R Exercises - Spectroscopic data - Solution
We will now work with Raman spectroscopy data from the luminescence of a ruby particle under high pressure: Data/rubis_xx.txt
. This measurement is performed in a diamond anvil cell with a laser of wavelength \(\lambda_L\)=568.189 nm, and the pressure is known by calibrating the frequency of a diamond line.

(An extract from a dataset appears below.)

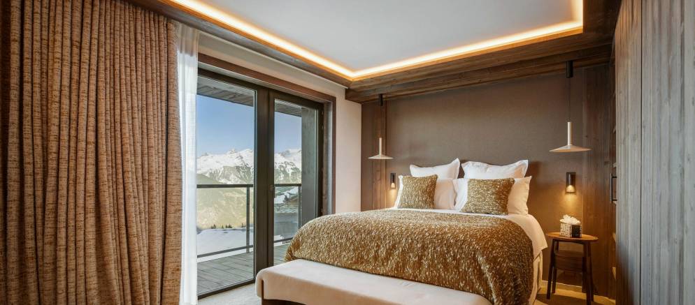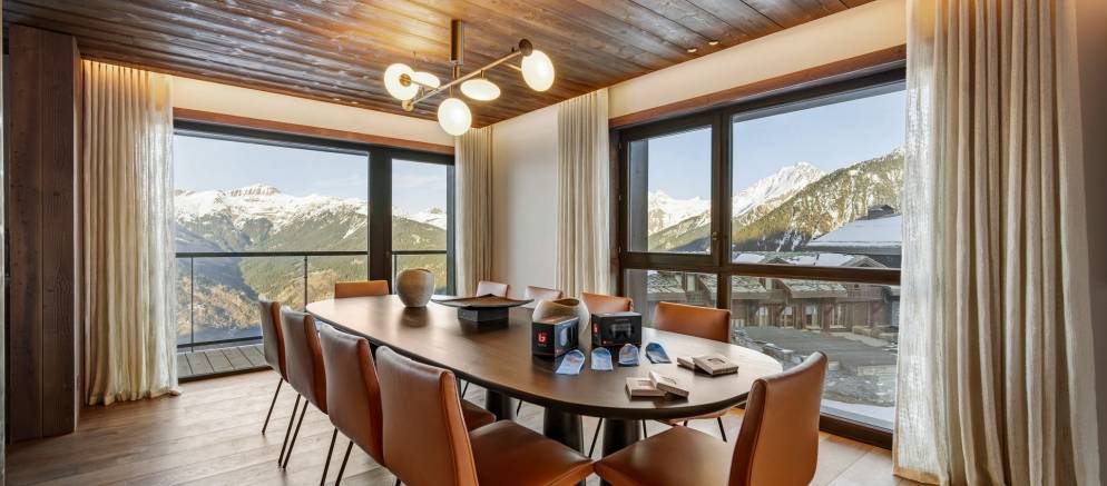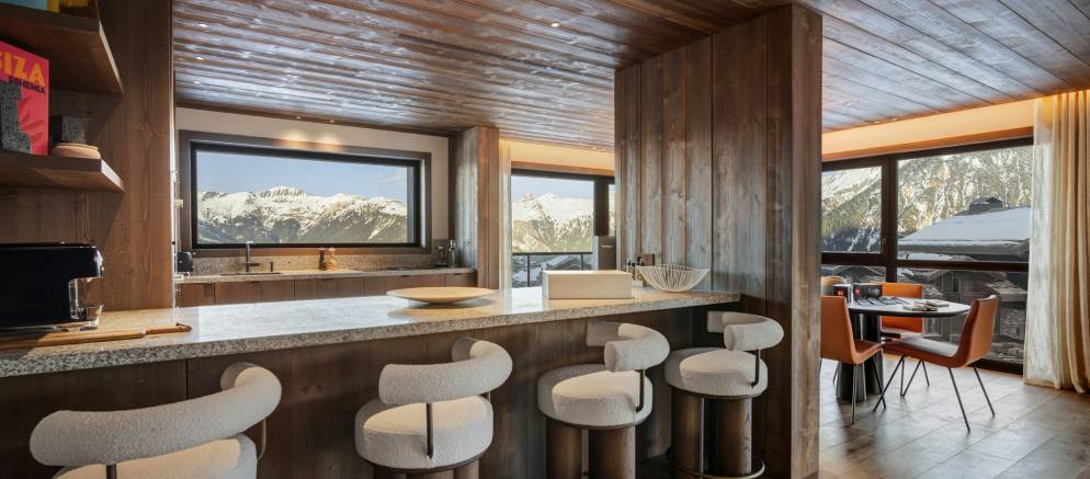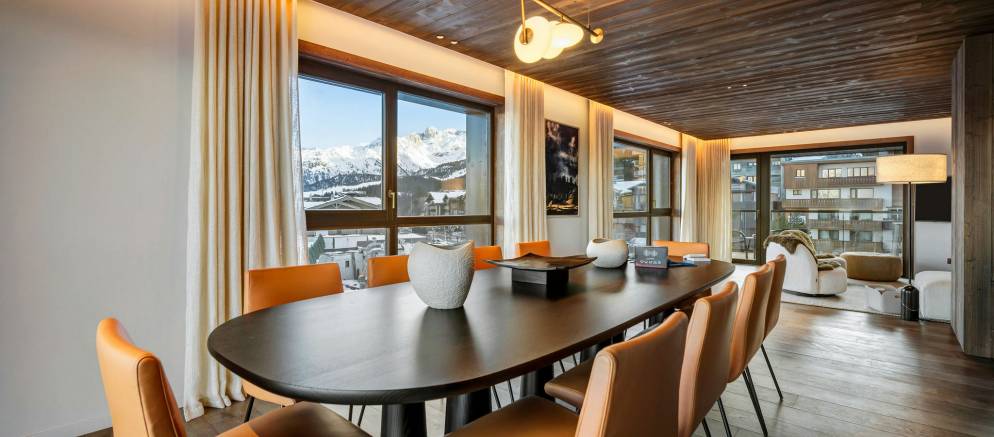 Apartment 602 is arranged on one level and offers 189m2 of floor area. Sleeping up to 8 guests in four en-suite bedrooms, there is 1 double bedroom and 3 twin/double bedrooms. The spacious open plan living space with lounge, dining, and kitchen with breakfast bar opens onto a wrap-around balcony. The layout works perfectly for a couple of families or a group of friends looking for centrally located luxury accommodation in Courchevel 1850.

The ruby luminescence contains two lines, and we want to use the position of the R1 line, which is the most intense and has the highest energy, to determine the pressure. We therefore need to determine the parameters \(A\) and \(B\) of the equation of state linking wavelength (in nm) and pressure (in GPa):
\[ P~[GPa] = \frac{A}{B}\left[\left(\frac{\lambda}{\lambda_0}\right)^B-1\right], \] where \(\lambda_0\) = 694.24 nm is the wavelength of the R1 line at zero pressure, and \(\lambda\) is the wavelength of the R1 line at \(P\) pressure. For a given line, the relationship between its measured Raman shift, \(\omega\), and its wavelength is given by \(\lambda = \frac{10^7}{\omega_L - \omega}\), with \(\omega_L= \frac{10^7}{\lambda_L}\) the frequency of the probe laser.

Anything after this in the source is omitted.